Sidney Schmeltz (born 8 June 1989) is a Dutch footballer who currently plays for Al-Ahli Manama. He is a convert to Islam.

Schmeltz started his career with SV Geinoord in Nieuwegein, but was scouted by RKC Waalwijk on early age. August 2008 he switched to Willem II Tilburg. Despite he was not allowed to play yet, he made his debut for the Willem II reserve squad in a cup-match against RKC Waalwijk. Therefore, the Royal Dutch Football Association (KNVB) decided to play a rematch.

On 19 April 2009 Schmeltz made his first appearance in the Willem II First Squad in the home-match against ADO Den Haag (3–3), as a substitute for Sergio Zijler. Schmeltz appeared in the starting line-up for the first time two weeks later against Roda JC (0–1 win).
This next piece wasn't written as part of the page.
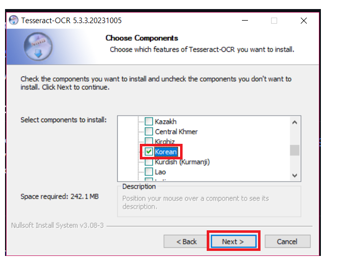[Additional language data] 에서 [Korean]을 추가해 줍니다. ( ABC 순서로 나열된 게 아니어서 잘 찾아야 됩니다..!! )

In August 2010, Schmeltz was signed by Almere City in a one-year deal. He left City after one season to play for Sparta Rotterdam, but was released despite an ongoing contract in the summer after it. He signed with SC Veendam, but became a free agent after the club's bankruptcy in March 2013.

In June 2013, Schmeltz signed a three-year deal with League One side Oldham Athletic.

On 10 January 2014, Schmeltz joined Shrewsbury Town on loan until the end of the season, making his debut the following day against Milton Keynes Dons. Schmeltz had his contract terminated with immediate effect in February 2014.

Schmeltz joined Hartlepool United on 31 October 2014 on a short-term deal and was released at the end of the year.